Data provided »
····················
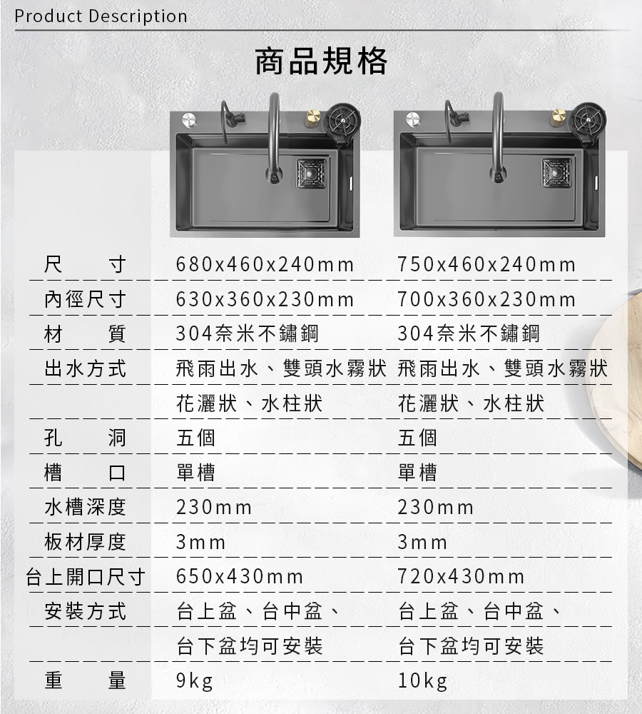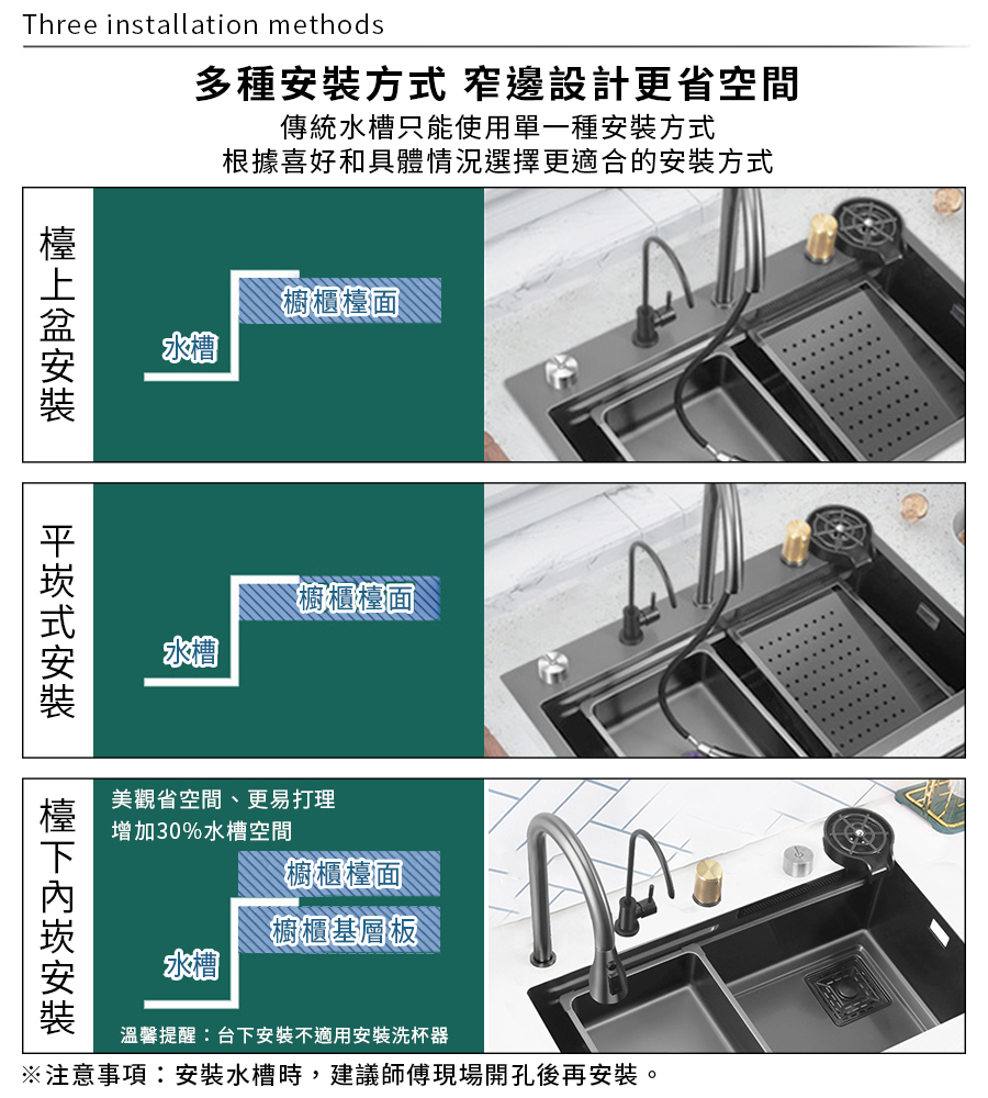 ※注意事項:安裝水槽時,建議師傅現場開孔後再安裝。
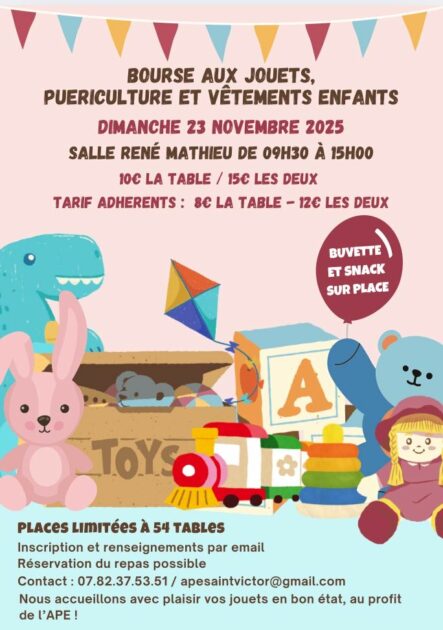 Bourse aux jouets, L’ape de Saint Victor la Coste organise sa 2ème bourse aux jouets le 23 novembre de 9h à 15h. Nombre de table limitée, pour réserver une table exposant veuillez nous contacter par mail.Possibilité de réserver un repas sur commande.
····················
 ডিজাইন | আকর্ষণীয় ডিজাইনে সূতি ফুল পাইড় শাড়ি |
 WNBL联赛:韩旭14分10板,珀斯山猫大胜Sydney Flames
····················
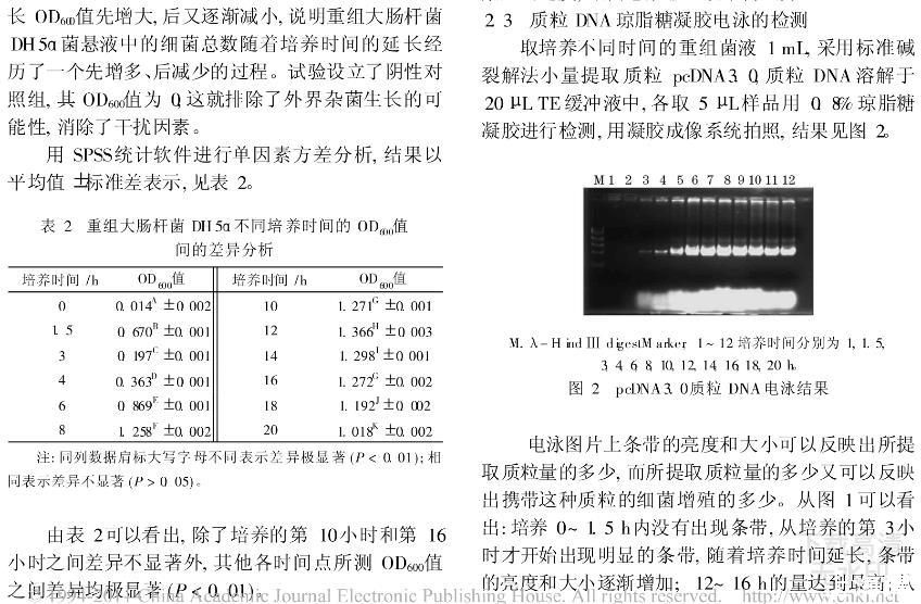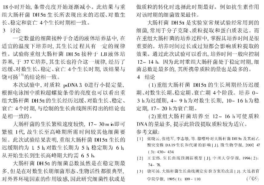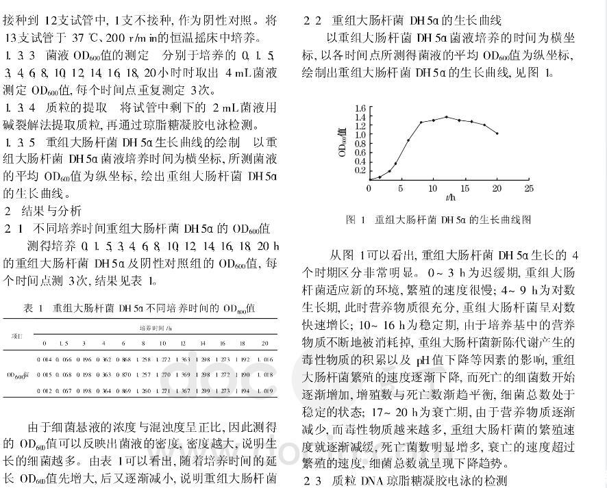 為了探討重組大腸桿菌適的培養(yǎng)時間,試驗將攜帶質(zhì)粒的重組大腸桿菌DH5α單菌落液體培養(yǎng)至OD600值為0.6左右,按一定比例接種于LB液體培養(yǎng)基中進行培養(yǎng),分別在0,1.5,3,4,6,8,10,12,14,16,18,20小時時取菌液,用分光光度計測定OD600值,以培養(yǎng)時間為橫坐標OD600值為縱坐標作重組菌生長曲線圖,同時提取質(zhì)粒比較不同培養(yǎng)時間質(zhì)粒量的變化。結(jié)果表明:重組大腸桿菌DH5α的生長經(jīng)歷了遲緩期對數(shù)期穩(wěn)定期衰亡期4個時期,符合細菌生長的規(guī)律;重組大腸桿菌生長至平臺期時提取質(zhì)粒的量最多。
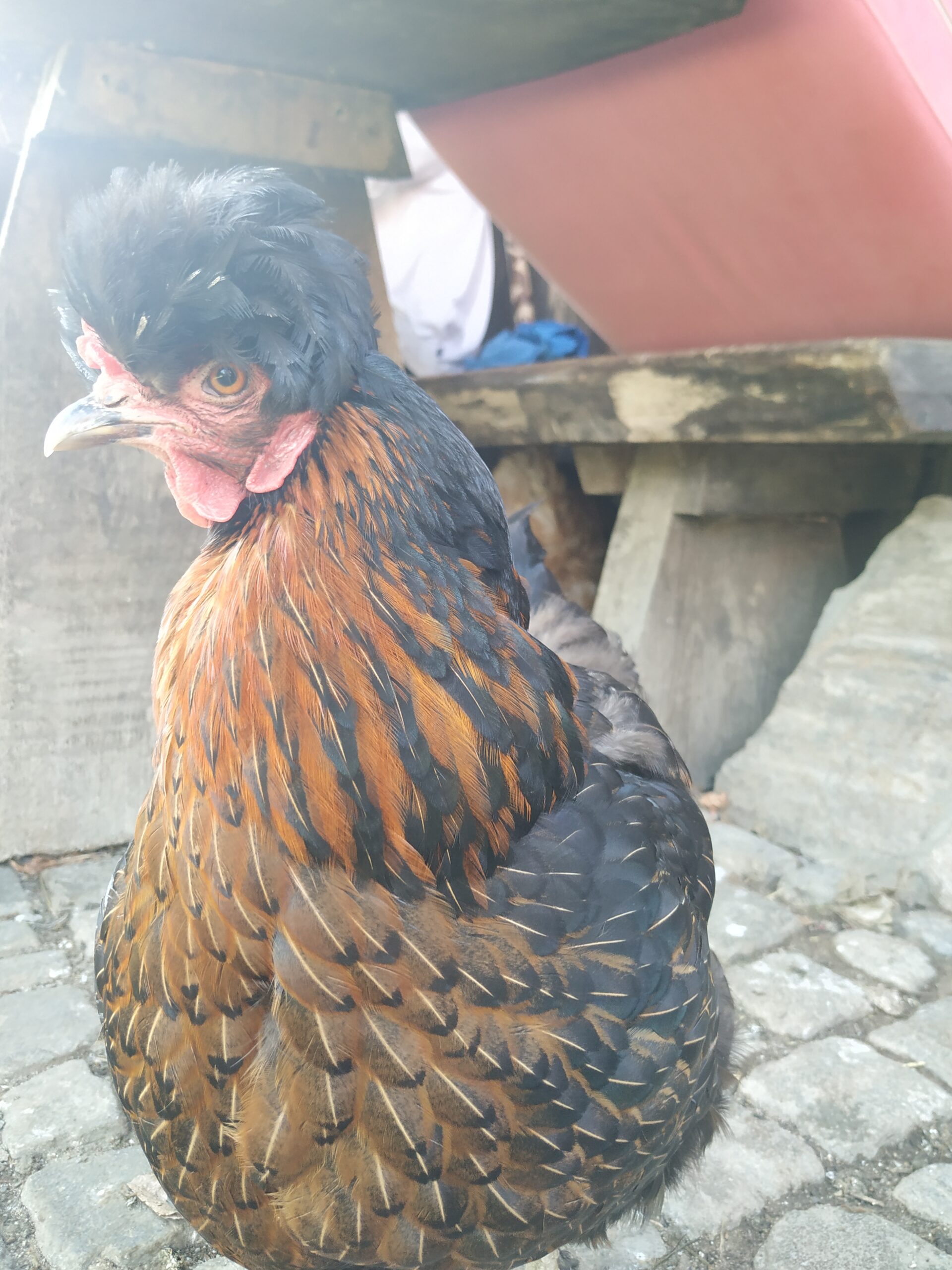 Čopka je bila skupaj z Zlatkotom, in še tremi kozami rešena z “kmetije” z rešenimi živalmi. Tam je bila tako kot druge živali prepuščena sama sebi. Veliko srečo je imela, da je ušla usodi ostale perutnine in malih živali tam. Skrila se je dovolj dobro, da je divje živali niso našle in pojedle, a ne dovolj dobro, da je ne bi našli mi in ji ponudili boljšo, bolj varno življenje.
····················
The task »
Without the pictures, set down the lines above from the line with "為了探討重組大腸桿菌適的培養" up to and including the line with "Čopka je bila" exactly as they stand.

Task result »
 為了探討重組大腸桿菌適的培養(yǎng)時間,試驗將攜帶質(zhì)粒的重組大腸桿菌DH5α單菌落液體培養(yǎng)至OD600值為0.6左右,按一定比例接種于LB液體培養(yǎng)基中進行培養(yǎng),分別在0,1.5,3,4,6,8,10,12,14,16,18,20小時時取菌液,用分光光度計測定OD600值,以培養(yǎng)時間為橫坐標OD600值為縱坐標作重組菌生長曲線圖,同時提取質(zhì)粒比較不同培養(yǎng)時間質(zhì)粒量的變化。結(jié)果表明:重組大腸桿菌DH5α的生長經(jīng)歷了遲緩期對數(shù)期穩(wěn)定期衰亡期4個時期,符合細菌生長的規(guī)律;重組大腸桿菌生長至平臺期時提取質(zhì)粒的量最多。
 Čopka je bila skupaj z Zlatkotom, in še tremi kozami rešena z “kmetije” z rešenimi živalmi. Tam je bila tako kot druge živali prepuščena sama sebi. Veliko srečo je imela, da je ušla usodi ostale perutnine in malih živali tam. Skrila se je dovolj dobro, da je divje živali niso našle in pojedle, a ne dovolj dobro, da je ne bi našli mi in ji ponudili boljšo, bolj varno življenje.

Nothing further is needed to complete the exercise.